Monday, April 6, 2009

.prolactin.

as my list to the right says, i found out yesterday that i have elevated prolactin levels. yes, this is the hormone that is so abundant in those breastfeeding women out there. but how, in my unpregnant, and even less lactating body can this be high. well, perhaps stress, perhaps a tumor on my pituitary gland. believe it or not, i'm pretty ecstatic about having something "wrong" so that we can fix it. now, not to get my hopes up, this level could have been slightly inaccurate, therefore, i'm going back to get it re-drawn next week. i'm secretly hoping it will still be high so i can get on anti-prolactin meds and on to getting pregnant. if it comes back normal, we'll just proceed with my 100 mg of clomid and an ultrasound at ovulation to assess follicle maturation. blah, blah, blah.

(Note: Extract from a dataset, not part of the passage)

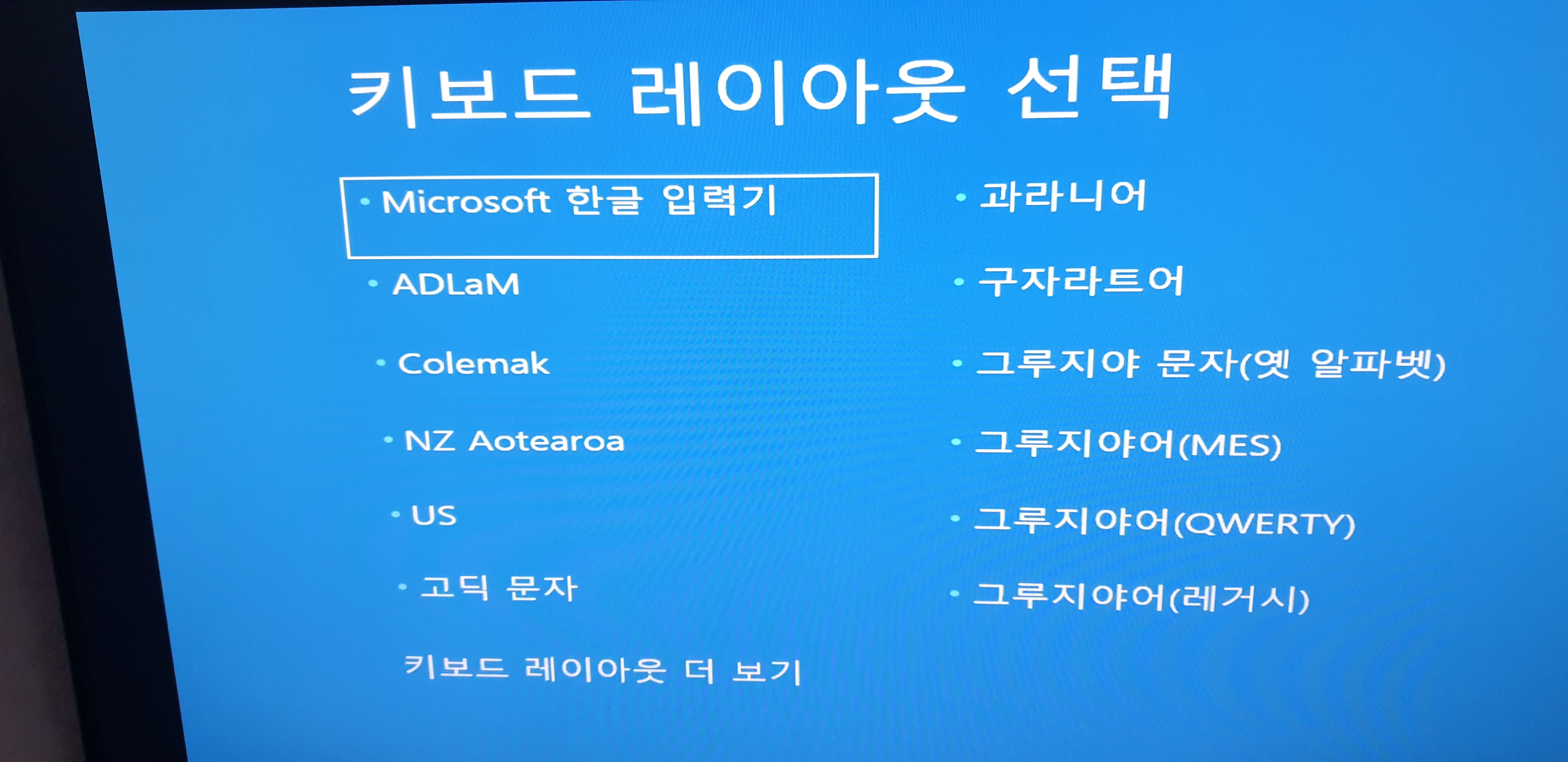 키보드 레이아웃을 기본값으로 선택해줍니다.

anyway, in limbo, yet again.

.welcome.

well, here we are. i hope that this blog will keep our family and friends informed of our "struggle" (i hate using the word struggle, but is there a better word??) with infertility. i'm sure that most of you know, because i'm hardly a private person. i seek no pity. fortunately, this has strengthened our marriage rather than strain it, and we both know that we will become parents when the time is right. we understand that the way we get our babies may not be how most people get them.. and we're ok with that. mostly, we want people to feel comfortable commenting and asking questions even if you don't have problems with infertility, but this blog is mostly a way to help us document what we've done so far. i'm excited for what the next few months bring as we have moved on to a reproductive endocrinologist to help us on our journey. i laugh a lot because cameron and i took our time to become "ready" to start a family..and now, we can't. really? it's a fabulous lesson in patience and faith. welcome to our infertility rollercoaster.